The difference from the embodiment 1 is that the two parts are not provided with rolling bodies, the two parts are in the shape of a section, as shown in fig. 10, the sliding bearing is provided with a shell 100 in the middle, the shell is provided with 3 attaching parts, the shell is provided with a V-shaped groove, the inner hole section is provided with a V-shaped protrusion attached to the inner hole section of the member 100 on the outer circle of the inner ring 32, when the spring 36 presses the floating block 1 to the fixed block 2, the shell formed by the two parts is limited on the inner ring 32 in the radial direction and the axial direction, and the inner ring 32 and the rotating shaft installed in the inner ring 32 eliminate vibration.

Example 3

The difference from embodiments 1 and 2 is the inner ring 32, in this embodiment, the inner ring 32 is a solid shaft structure, as shown in fig. 11, one end of the rotating shaft 4 is a cylinder, the other end is a rotating shaft with V-shaped protrusions capable of limiting axially and radially, and two housings 100 adapted to the rotating shaft are respectively installed at two ends of the rotating shaft 4.

The foregoing is merely illustrative of specific embodiments of the present utility model, and the scope of the utility model is not limited thereto, but any changes or substitutions that do not undergo the inventive effort should be construed as falling within the scope of the present utility model. Therefore, the protection scope of the present utility model should be subject to the protection scope defined by the claims.

Claims (10)

1. The utility model provides a take slider bearing, a serial communication port, including shell (100), inner circle (32), force application device and application base are constituteed, shell (100) comprises fixed block (2) and slider (1), the combination of both forms an hole, be equipped with three recess (9) on the pore wall, parting plane (37) between fixed block (2) and slider (1) are established respectively in two recess (9) wherein, force application seat and fixed block (2) are fixed relatively, there is force application device between force application seat and slider (1), press slider (1) towards fixed block (2) direction, make slider (1), inner circle (32), the laminating of fixed block (2) three, utilize three recess (9), and then the laminating punishment between the hole of the excircle of formation inner circle (32) and shell divide into three sections.

2. The slider bearing of claim 1 wherein: a plurality of rollers (34) are arranged between the shell and the inner ring (32), and when the force application device applies force, the shell combined by the floating block (1) and the fixed block (2) is pressed and attached to the inner ring (32) and the rollers (34) in the middle of the shell and the inner ring.

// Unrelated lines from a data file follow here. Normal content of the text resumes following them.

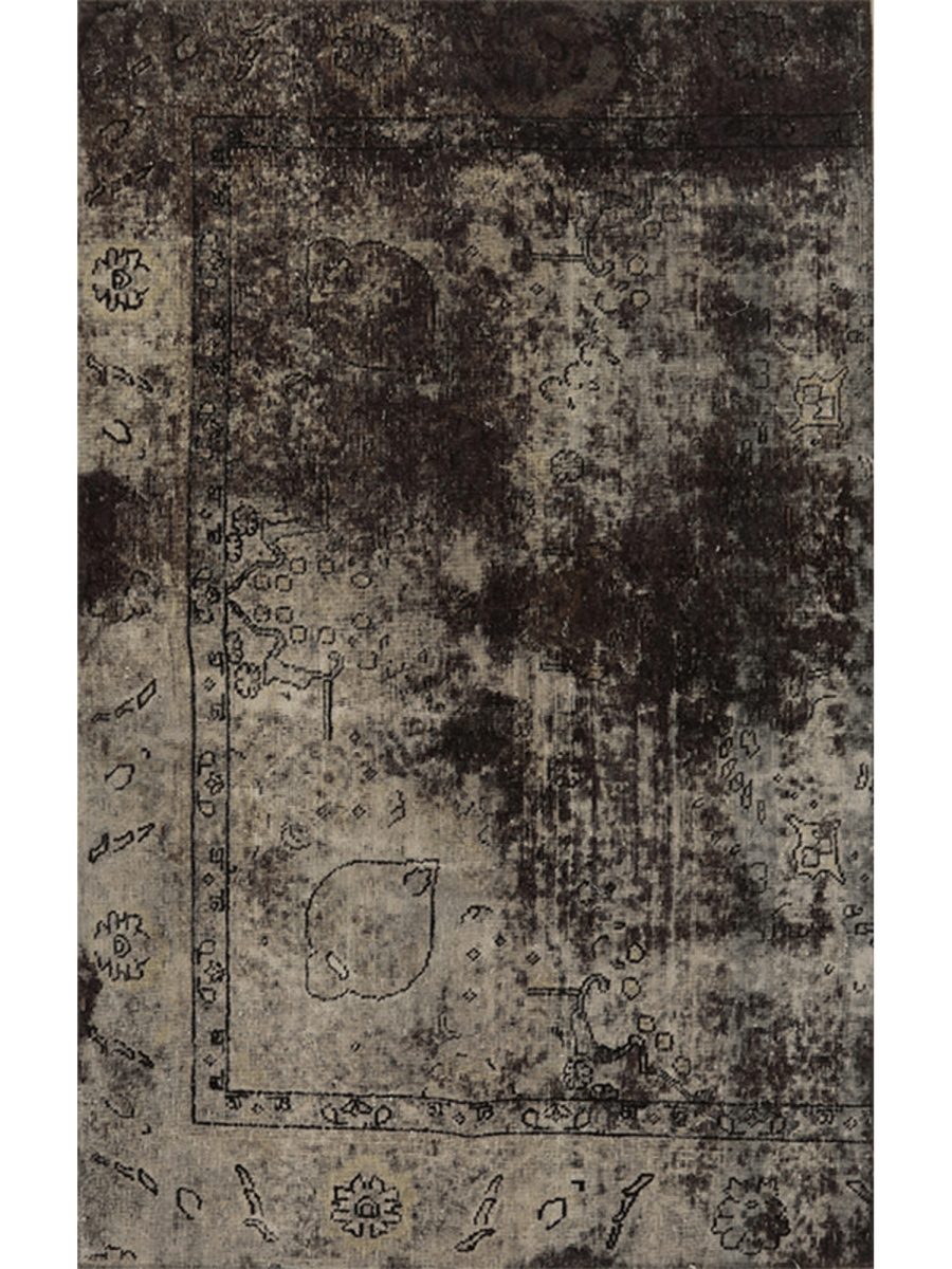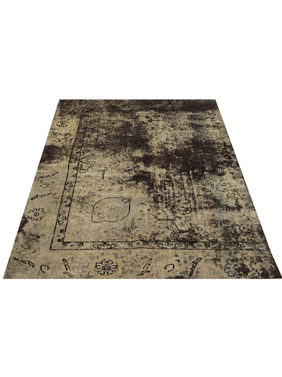 This one-of-a-kind 4x6 vintage Persian rug is a true masterpiece, featuring an intricate no border pattern enhanced by a distressed overdyed finish. Hand-knotted from fine wool, it provides a rich texture and unmatched durability. The warm brown and tan hues create a welcoming atmosphere. Whether used as a statement piece or to complement existing decor, this rug brings an air of sophistication and timeless beauty to any interior. Elevate your space with this exquisite Persian treasure.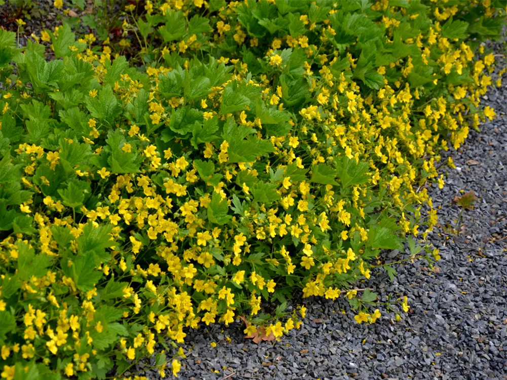 Deze plant is een uitstekende bodembedekker die een dichte, groene laag vormt, zelfs tijdens de winter, waardoor onkruid weinig kans krijgt om door te komen. Hoewel de plant enige mate van belopen kan verdragen, is het aan te raden om stapstenen te plaatsen om een doorgang te maken. Op zonnige plekken bloeit deze aantrekkelijke plant met gele bloemtrossen die bijen en hommels aantrekken.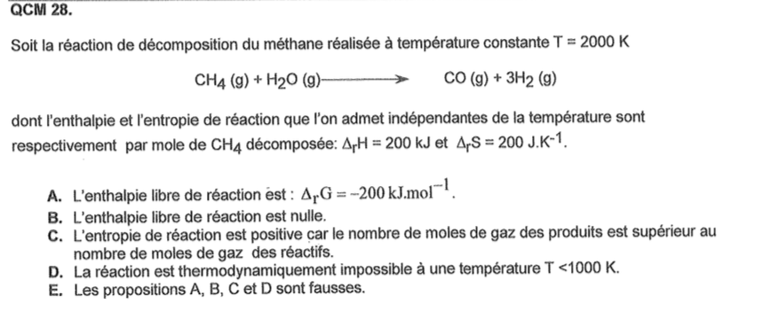 Je pense que pour l'item D tu dois tout simplement appliquer la formule: ΔGsyst = ΔHsyst −T.ΔSsyst vu qu'ils disent que les valeurs de ΔHsyst et de ΔSsyst sont indépendantes de la température. En calculant pour T= 1000K tu as ΔG=0 donc pour T<1000K ton ΔG>0 ce qui fait que d'après le cours la réaction est thermodynamiquement impossible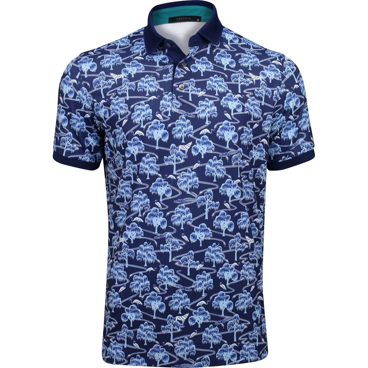 The Greyson Mystic Swamp polo offers a fashionable look and a comfortable fit. It is constructed with airflow fabric that keeps the skin ventilated and stretch fabric that allows easy movement during activities. The fabric is made from polyester, providing durability for machine washing with little to no shrinking. In addition, the polyester offers resistance against wrinkles for an easy care experience.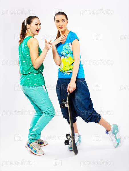 Две девушки со скейтбордом на сером фоне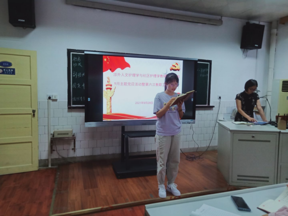 2021年9月29日,beat365手机版官网入口涉外人文护理学教研室与社区护理学教研室党支部在204教室举行2021年9月主题党日活动暨第六次教职工理论学习。此次活动采取线上和线下相结合的形式,会议由支部书记苏银花同志主持,支部全体成员参加。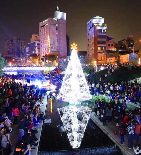 Saturday night saw the lighting of Taiwan’s first Christmas tree on water by Taichung Mayor Lin Chia-lung (林佳龍) on the waterfront of his city’s Willow River (柳川).

3. The slider bearing of claim 1 or 2, wherein: the central angle corresponding to the arc length of the groove (9) is 30-100 degrees, and the depth of the groove (9) is larger than the maximum protrusion value obtained on the arc center angle of any groove (9) on the inner ring.

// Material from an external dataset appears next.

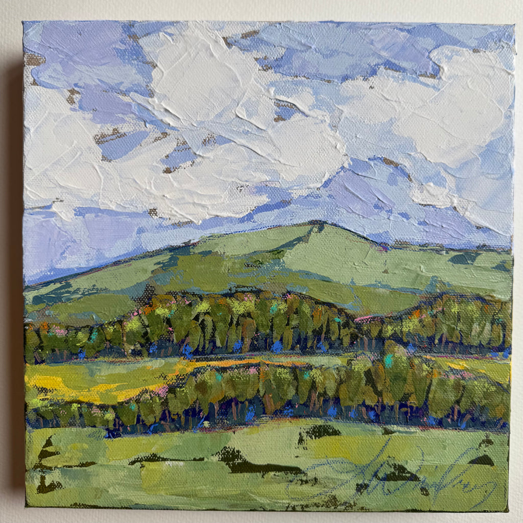 Lindsey’s paintings are an escape and journey - a time to relish the process of creativity: the brush strokes, the layers, the juxtaposition of colors. She works primarily with acrylic paints for their intensity of color and the ability to layer and create textures with various acrylic mediums and gels. A native of Lynchburg, Virginia, Lindsey’s landscapes generally focus on special places that she has known all her life, including fields at the foot of the Blue Ridge Mountains and the pristine beauty of the Cowpasture River. Working from onsite sketches and photographs, she mixes observations with her own personal memories and feelings of how she perceives a place. In addition to being an artist, Lindsey is a full-time art educator, wife, and mother of two young children.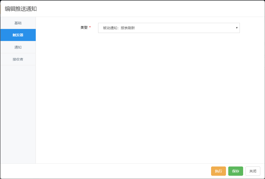 被动刷新即指当报表刷新时,便触发推送通知。报表刷新可参考 报表刷新策略

4. The slider bearing of claim 1 wherein: the force application device is a spring (36) and/or an air cylinder and/or an oil cylinder and/or an elastic pressing plate.

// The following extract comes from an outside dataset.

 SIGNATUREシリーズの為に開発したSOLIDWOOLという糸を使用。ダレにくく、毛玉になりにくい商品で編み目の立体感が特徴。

5. The slider bearing of claim 1 wherein: the inner hole of the shell and the outer circle of the inner ring are matched into a cylinder or have a V-shaped section.

6. The slider bearing of claim 2 wherein: the bearing (3) is a cylindrical roller bearing.

7. The slider bearing of claim 2 wherein: the bearing (3) is a ball roller radial ball bearing.

8. The slider bearing of claim 2 wherein: the bearing (3) is a four-point contact ball bearing.

9. The slider bearing of claim 1 or 2, wherein: gaps are formed between the fixed blocks (2) and the floating blocks (1), so that the outer shell and the inner ring (32) can be kept close to each other after the outer shell and the inner ring (32) are worn.

10. The slider bearing of claim 1 wherein: the inner ring is of a solid shaft structure.